→ **Source data**:
========================================================================
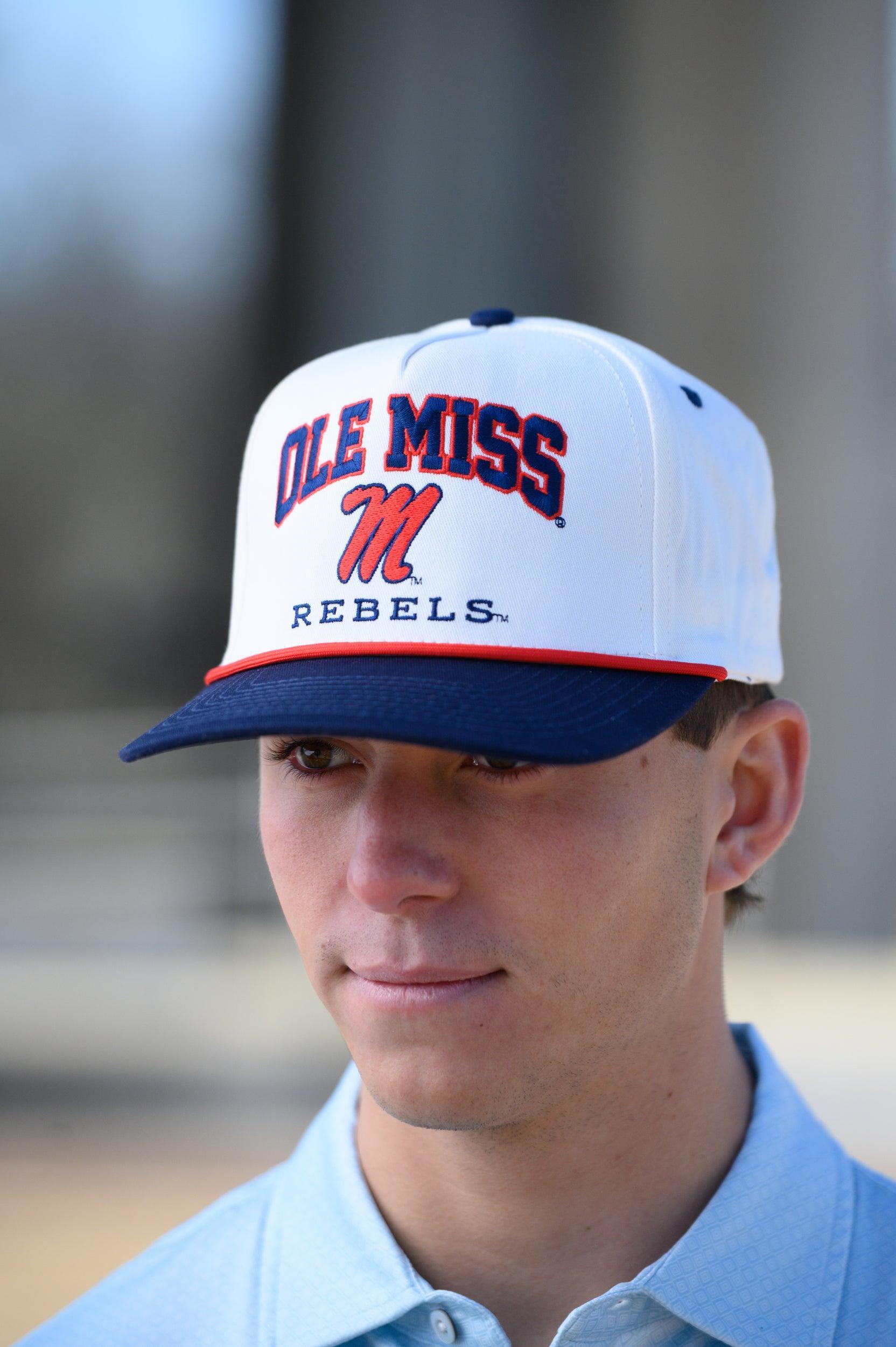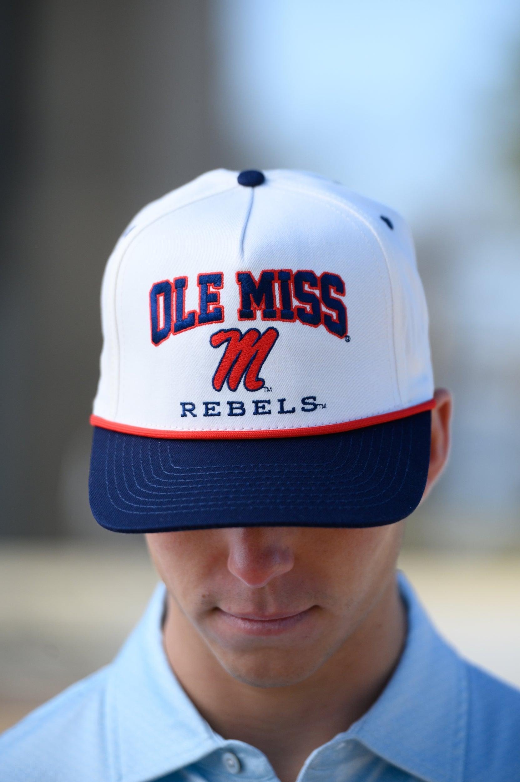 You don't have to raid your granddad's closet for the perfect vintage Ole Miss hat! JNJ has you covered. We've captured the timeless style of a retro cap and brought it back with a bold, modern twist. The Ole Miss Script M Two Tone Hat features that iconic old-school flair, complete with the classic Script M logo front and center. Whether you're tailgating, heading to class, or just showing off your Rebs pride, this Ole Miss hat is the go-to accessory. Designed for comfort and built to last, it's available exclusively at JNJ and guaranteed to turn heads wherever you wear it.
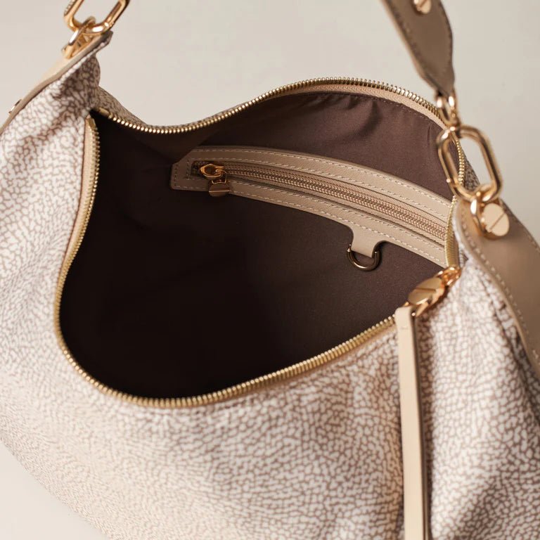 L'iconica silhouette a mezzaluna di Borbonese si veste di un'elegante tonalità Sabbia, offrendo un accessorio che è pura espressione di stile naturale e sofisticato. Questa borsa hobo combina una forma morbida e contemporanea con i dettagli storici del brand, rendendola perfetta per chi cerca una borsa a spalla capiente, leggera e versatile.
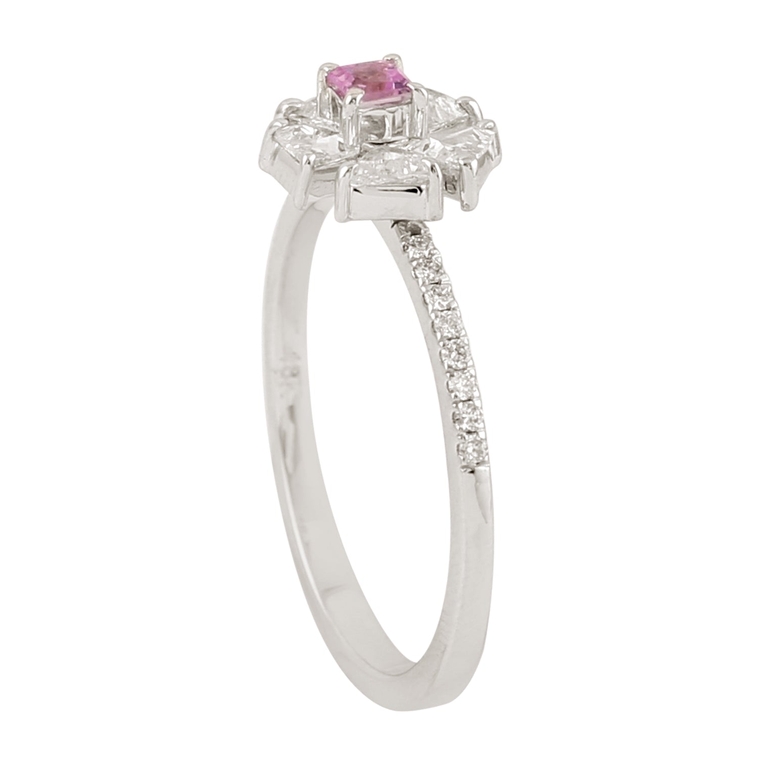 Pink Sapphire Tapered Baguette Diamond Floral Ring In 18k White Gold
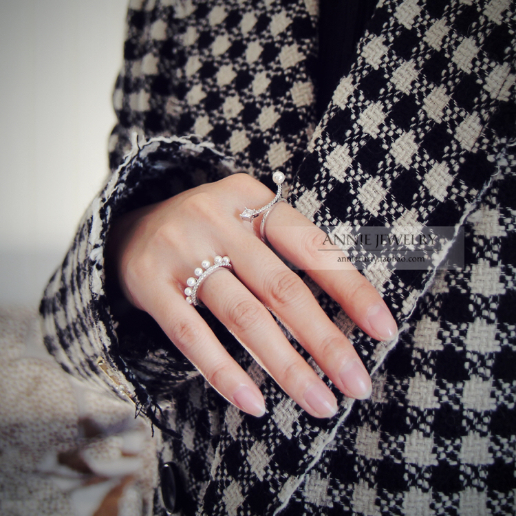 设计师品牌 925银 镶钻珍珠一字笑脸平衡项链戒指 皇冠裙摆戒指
========================================================================
Since the pictures are not wanted, write out the rest of the data exactly as it reads.

 You don't have to raid your granddad's closet for the perfect vintage Ole Miss hat! JNJ has you covered. We've captured the timeless style of a retro cap and brought it back with a bold, modern twist. The Ole Miss Script M Two Tone Hat features that iconic old-school flair, complete with the classic Script M logo front and center. Whether you're tailgating, heading to class, or just showing off your Rebs pride, this Ole Miss hat is the go-to accessory. Designed for comfort and built to last, it's available exclusively at JNJ and guaranteed to turn heads wherever you wear it.
 L'iconica silhouette a mezzaluna di Borbonese si veste di un'elegante tonalità Sabbia, offrendo un accessorio che è pura espressione di stile naturale e sofisticato. Questa borsa hobo combina una forma morbida e contemporanea con i dettagli storici del brand, rendendola perfetta per chi cerca una borsa a spalla capiente, leggera e versatile.
 Pink Sapphire Tapered Baguette Diamond Floral Ring In 18k White Gold
 设计师品牌 925银 镶钻珍珠一字笑脸平衡项链戒指 皇冠裙摆戒指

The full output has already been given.